Investors bought €4 billion of bonds maturing November 2022, making bids for 1.42 times the amount on offer, up from 1.29 at a similar auction a month ago.
Borrowing costs on the BTP bond fell to 5.8%, down from 5.96% at last month's auction, making it the lowest yield on 10-year paper since March.
The bond sale was the first for Italian longer-term bonds since the ECB pledged on 2 August to take steps to ease borrowing costs in the currency bloc.
The central bank is due to unveil details of the measures it is planning at a meeting on 6 September.
"I would say that the outcome is positive. They sold the entire 10-year and five-year offer. It's a positive thing that the 10-year yield was below the grey market, where it had reached 5.9% in pre-auction," said Alessandro Giansanti, strategist at ING in Amsterdam.
Mr Giansanti said expectations of ECB intervention had opened a "positive window" of opportunity for the Treasury.
An effective system of bond-buying by the ECB could give Italy longer-term relief as it struggles to reduce a mammoth €2 trillion of debt at a time when its economy is shrinking.

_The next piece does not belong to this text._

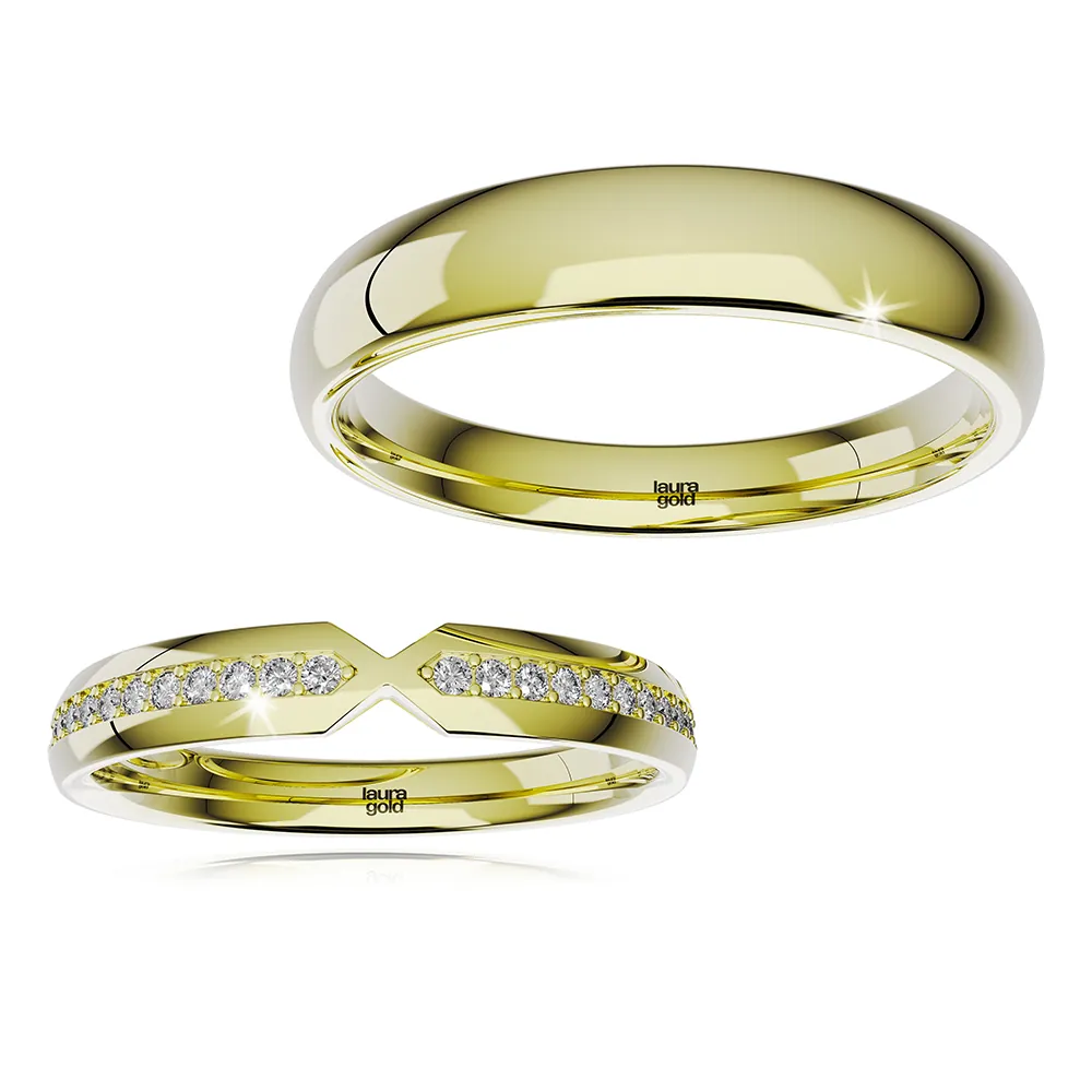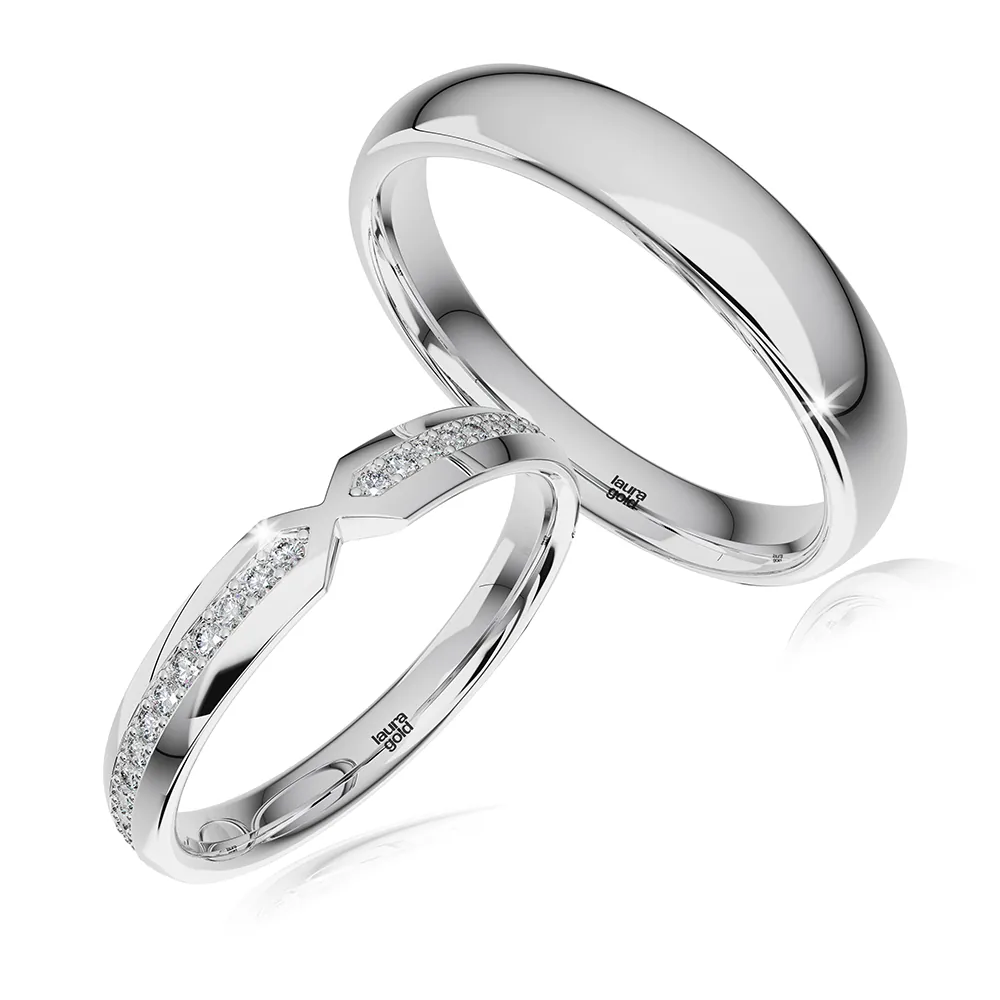 Tieto elegantné obrúčky sú symbolom nadčasovej lásky, kde sa klasická jednoduchosť snúbi s jemnou ženskou eleganciou. Dámska obrúčka je zdobená žiarivými kameňmi, ktoré pripomínajú iskrenie skutočného citu, zatiaľ čo pánska verzia vyžaruje sofistikovanú noblesu. Tento model je možné vyrobiť z bieleho, žltého a ružového 14-karátového zlata, aby dokonale ladil s osobnosťou každého páru.

Rome also sold €2.5bn of a five-year bond due in June 2017 and €793m of a floating rate CCTeu note maturing June 2017, with a total amount placed of €7.29bn, compared with a planned range of €5.25-7.5bn.
Italy paid 4.7% on the five-year bond, down from 5.29% at the end-July auction, again the lowest yield for a comparable instrument since March.
According to analysts' calculations, the Treasury has satisfied 72% of its total refunding target for 2012. It faces redemptions of €29bn in September, and another €57bn falls due in December.
"Domestic investors are more than happy to buy short-term debt ... but overseas investors still require significant premium to be attracted to the longer end," said Nick Stamenkovic, a bond strategist with RIA Capital Markets.